**DATASET:**
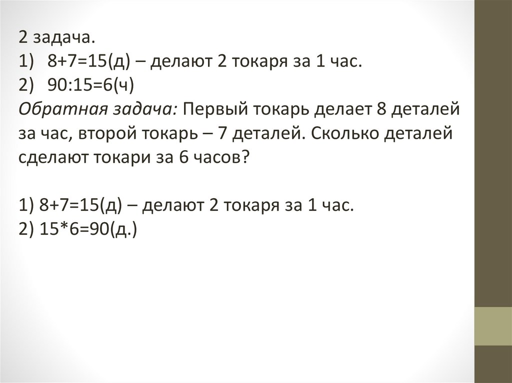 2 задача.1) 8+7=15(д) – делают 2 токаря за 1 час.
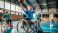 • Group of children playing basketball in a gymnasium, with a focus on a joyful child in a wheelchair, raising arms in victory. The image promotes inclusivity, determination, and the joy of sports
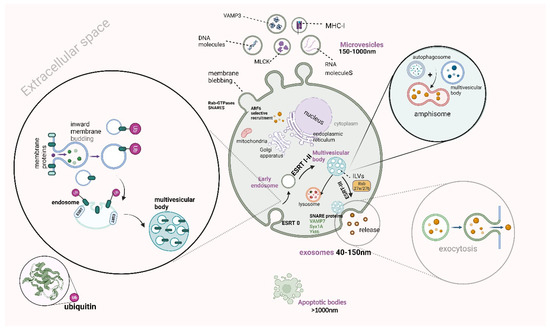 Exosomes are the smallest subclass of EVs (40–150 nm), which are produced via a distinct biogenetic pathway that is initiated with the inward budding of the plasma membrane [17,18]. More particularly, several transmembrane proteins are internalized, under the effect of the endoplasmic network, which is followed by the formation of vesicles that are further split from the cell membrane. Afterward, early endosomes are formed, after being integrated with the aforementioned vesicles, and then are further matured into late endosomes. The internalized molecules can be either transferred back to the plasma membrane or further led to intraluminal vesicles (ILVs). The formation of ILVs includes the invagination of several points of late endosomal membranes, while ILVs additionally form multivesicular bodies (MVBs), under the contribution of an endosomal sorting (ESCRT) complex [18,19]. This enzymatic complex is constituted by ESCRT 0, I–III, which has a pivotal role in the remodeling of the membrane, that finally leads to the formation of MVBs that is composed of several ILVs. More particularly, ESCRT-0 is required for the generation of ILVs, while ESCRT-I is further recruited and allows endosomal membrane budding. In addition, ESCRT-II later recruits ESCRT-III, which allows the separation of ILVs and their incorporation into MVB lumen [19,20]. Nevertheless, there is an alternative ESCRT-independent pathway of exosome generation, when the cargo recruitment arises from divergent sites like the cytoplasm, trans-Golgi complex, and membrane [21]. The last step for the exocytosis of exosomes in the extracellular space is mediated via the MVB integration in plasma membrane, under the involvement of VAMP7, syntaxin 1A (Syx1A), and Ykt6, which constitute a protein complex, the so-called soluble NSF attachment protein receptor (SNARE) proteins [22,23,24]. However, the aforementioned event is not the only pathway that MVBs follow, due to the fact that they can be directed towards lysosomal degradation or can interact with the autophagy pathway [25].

==

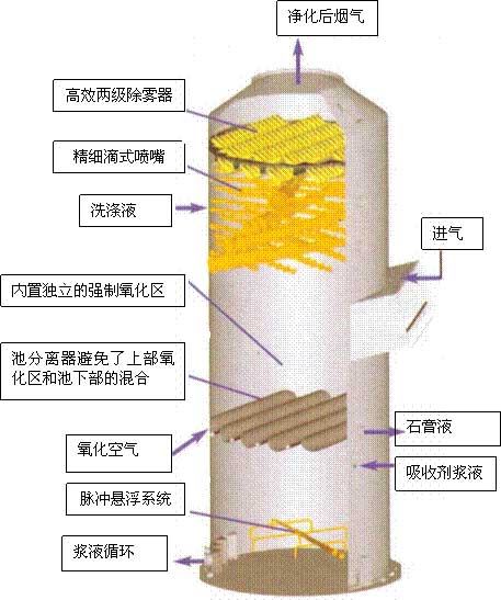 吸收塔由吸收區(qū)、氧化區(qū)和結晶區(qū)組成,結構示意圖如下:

**YOUR OBJECTIVE:**
In the listing above, find the line with "2 задача.1) 8+7=15(д)" and the line with "joy of sports". Set down exactly those lines and everything between them, skipping pictures.

**ANSWER SPACE:**
 2 задача.1) 8+7=15(д) – делают 2 токаря за 1 час.
 • Group of children playing basketball in a gymnasium, with a focus on a joyful child in a wheelchair, raising arms in victory. The image promotes inclusivity, determination, and the joy of sports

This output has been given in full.